Researchers analyzed the teeth of the nearly seven-foot-tall kangaroo, known as Procoptodon goliah, to determine what it ate and drank. Different sources of water and food leave trace amounts of particular types, or isotopes, of hydrogen and carbon atoms, which are deposited in the teeth like a recorded diet. Additionally, tiny patterns of wear give clues about the type of food a given creature chewed. The team concluded that the giant kangaroos fed mainly on saltbush shrubs [BBC News]. These hardy bushes thrive in arid conditions, which makes it less likely that the kangaroos ran out of food as the continent’s climate got hotter and drier.

P. goliah is thought to have gone extinct about 45,000 years ago–that’s 5,000 years after humans are thought to have first arrived in Australia. The high intake of saltbushes would have meant the giant kangaroo drank more water and would have been frequently found at waterholes and therefore vulnerable to hunters. These combined factors led the scientific team to determine that “human hunting was a more likely extinction cause”. Unlike its modern-day relatives, the giant kangaroo was very big and imposing and not as agile. “These were a lot slower and gravitated towards waterholes, so they were basically sitting ducks for the humans,” [The Times], says lead researcher Gavin Prideaux.

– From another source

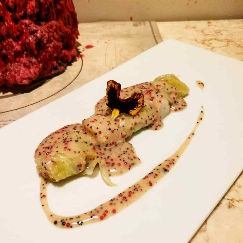 Capesante scottate con cavolo cappuccio brasato nel burro nocciola e uova di lombo, tanto per antipastare, dove la leggerezza dei molluschi abbraccia la consistenza del cavolo e le uova, oltre ai cromatismi, esplodono il mare al palato.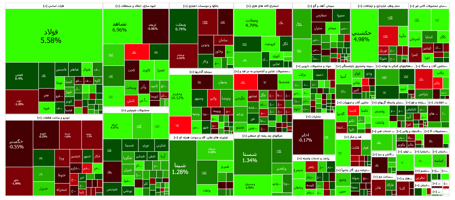 در این روز به ترتیب نمادهای فولاد، فارس، تاپیکو، فملی و شپنا بیشترین تاثیر مثبت را بر شاخص کل بازار سرمایه داشتند و عامل رشد بازار سرمایه شدند.

Archaeologist Judith Field is one of the skeptics of the new study. Her main concern is that there is no direct evidence showing the kangaroo was hunted by humans. “If you’re going to make any case about humans and these megafauna then you’ve got to have them in the same place in the same time,” she says. “You’ve got to find archaeological sites that have megafauna in them with evidence of butchering. And we just don’t have these,” [Australian Broadcasting Corporation].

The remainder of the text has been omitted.